FIG. 1 is a schematic diagram of an overall structure of a cold snare 100 provided by some embodiments of the present disclosure, and FIG. 2 is a sectional diagram of a local structure of the cold snare 100 provided by some embodiments of the present disclosure. Referring to FIGS. 1 and 2, the present embodiment provides a cold snare 100 including a spring tube 111, a drive wire 130, and a loop 140. The drive wire 130 passes through the spring tube 111, and can perform reciprocating motion in a direction of a longitudinal axis 170 of the spring tube 111. The loop 140 is fixedly connected to a distal end of the drive wire 130, so that when the drive wire 130 performs reciprocating motion in the direction of a longitudinal axis 170 of the spring tube 111, the loop 140 performs reciprocating motion synchronously with the drive wire 130 in the direction of the longitudinal axis 170 of the spring tube, thereby achieving the purpose of controlling the loop 140 to enter and exit the spring tube 111 at the edge sealed distal end of the spring tube 111 by the drive wire 130. When the loop 140 extends out of the spring tube 111, the loop 140 opens to form a ring structure enclosing the polyp, and then the loop 140 is controlled to move into the spring tube 111 through the drive wire 130, so that the size of the ring structure formed by the loop 140 is reduced, and then the polyp is clamped inside thereof, and finally realize the cutting of the polyp. Since the cold snare 100 uses the spring tube 111 as the outer tube, the strength of the spring tube 111 is higher than that of the plastic outer tube of the existing cold snare 100, so it is helpful for the loop 140 to perform cutting when grabbing large polyps. At the same time, since the spring tube 111 is made of metal, the friction force generated by the rotation of the loop 140 is smaller than that of an existing plastic outer tube contacting the loop 140, so it is helpful to realize the synchronous and accurate rotation of the loop 140, which is convenient for a doctor to accurately enclose the polyp during operation and improve the use effect, thereby improving the technical problem that the existing cold snare 100 cannot cut a large polyp.

It should be clarified that in the description of the present embodiment, “proximal end” of a part refers to an end of the part relatively close to an outside of the human body when the cold snare 100 is in use, and correspondingly, “distal end” of a part refers to an end of the part relatively close to the inside of the human body when the cold snare 100 is in use. For example, the distal end of the spring tube 111 is an end of the spring tube 111 that lies inside the human body when it is in use, and the proximal end of the spring tube 111 is an end of the spring tube 111 that lies outside the human body when it is in use.

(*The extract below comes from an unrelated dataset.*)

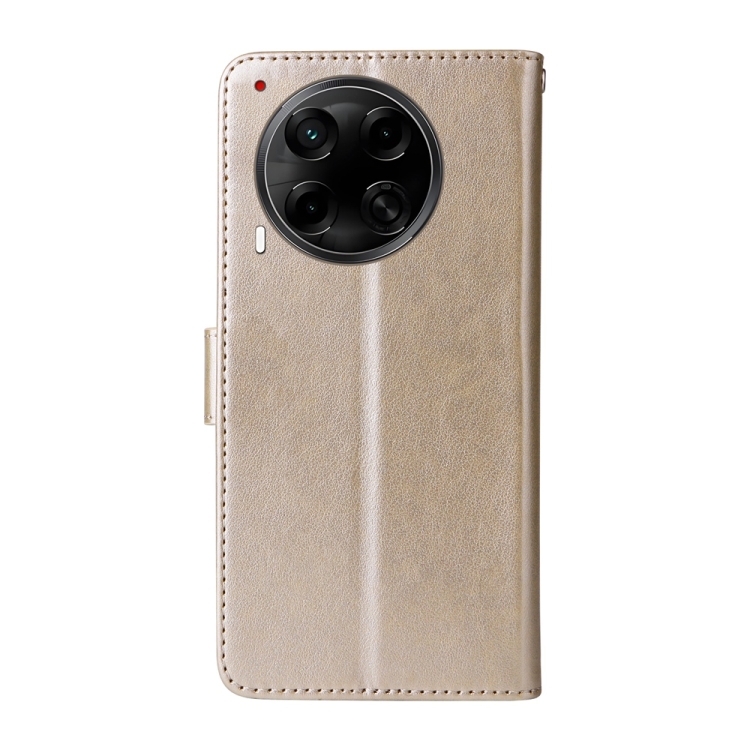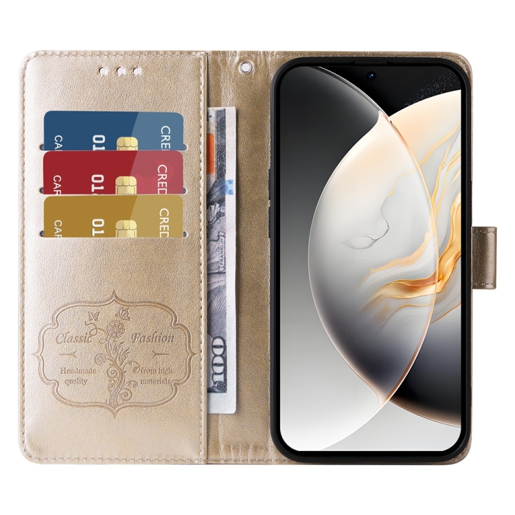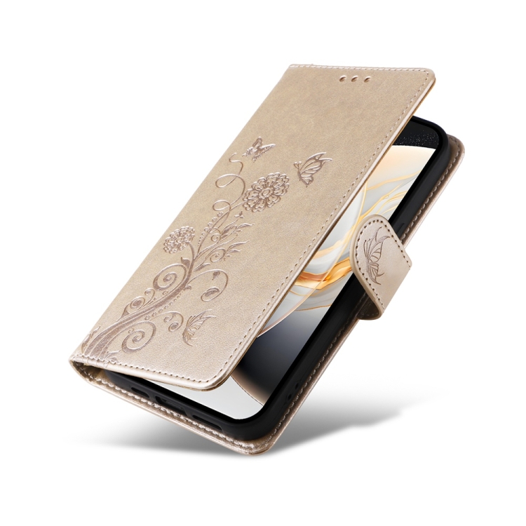 Funda de Cuero para Tecno Camon 30S y 30S Pro con Diseño de Mariposas y Flores en Relieve (Dorada)
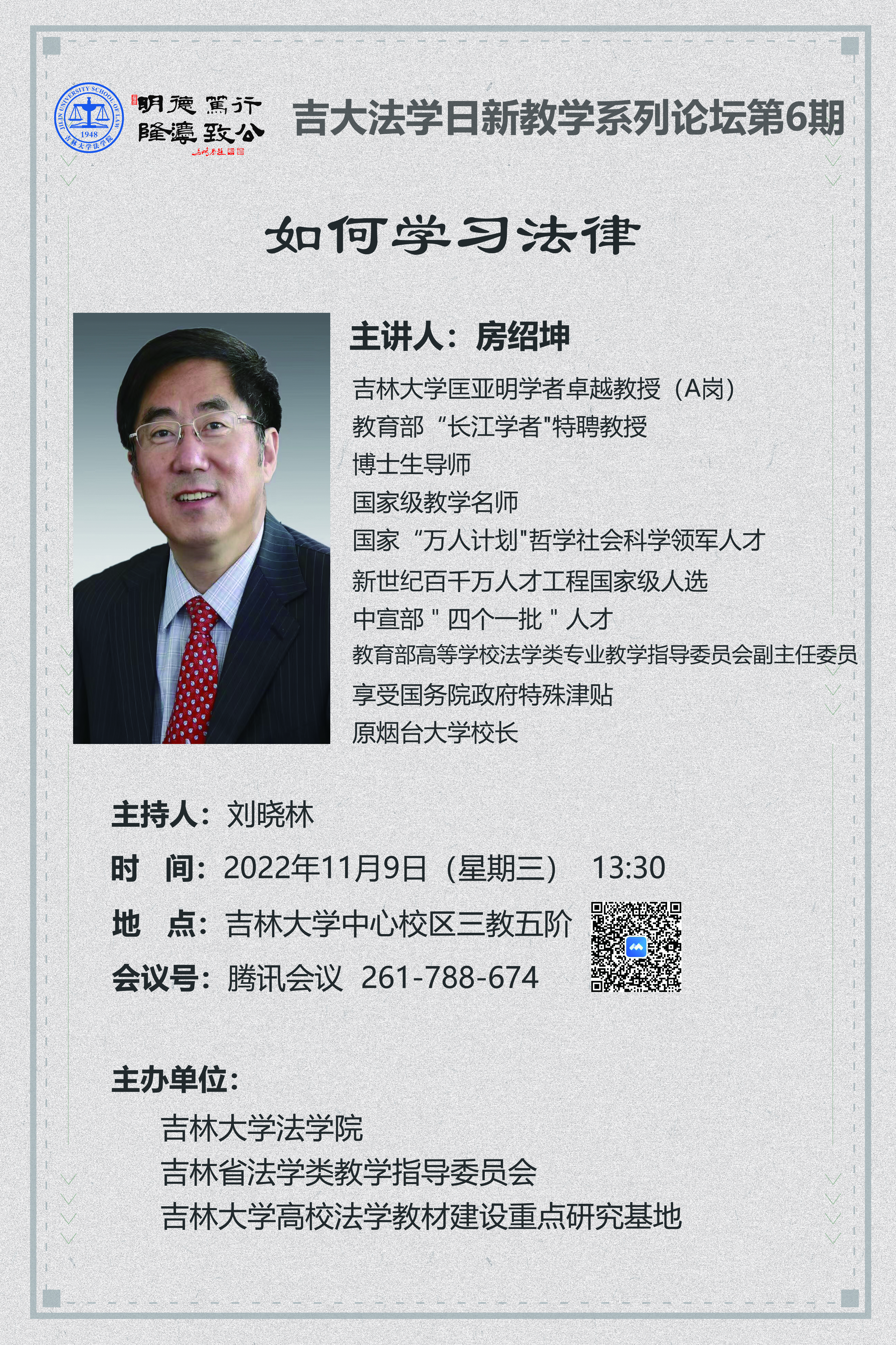 上一篇:吉大法学日新教学系列论坛第7期:“法治人才培养与法学教材建设”圆桌论坛 下一篇:关于公布2020级卓越法治人才实验班录取名单的通知

In some embodiments, the outer skin 112 includes, but is not limited to, a polymer tube. The embodiment of the present disclosure does not specifically limit the polymer tube, and the polymer tube may be, for example, a polymer polyethylene tube or an ultra-high molecular polyethylene steel skeleton composite tube.

In some embodiments, the spring tube 111 includes a flexible metal tube or an elastic metal tube. In some embodiments, the spring tube 111 includes a flexible metal tube or an elastic metal tube, and an out layer of the spring tube 111 is coated with a polymer tube.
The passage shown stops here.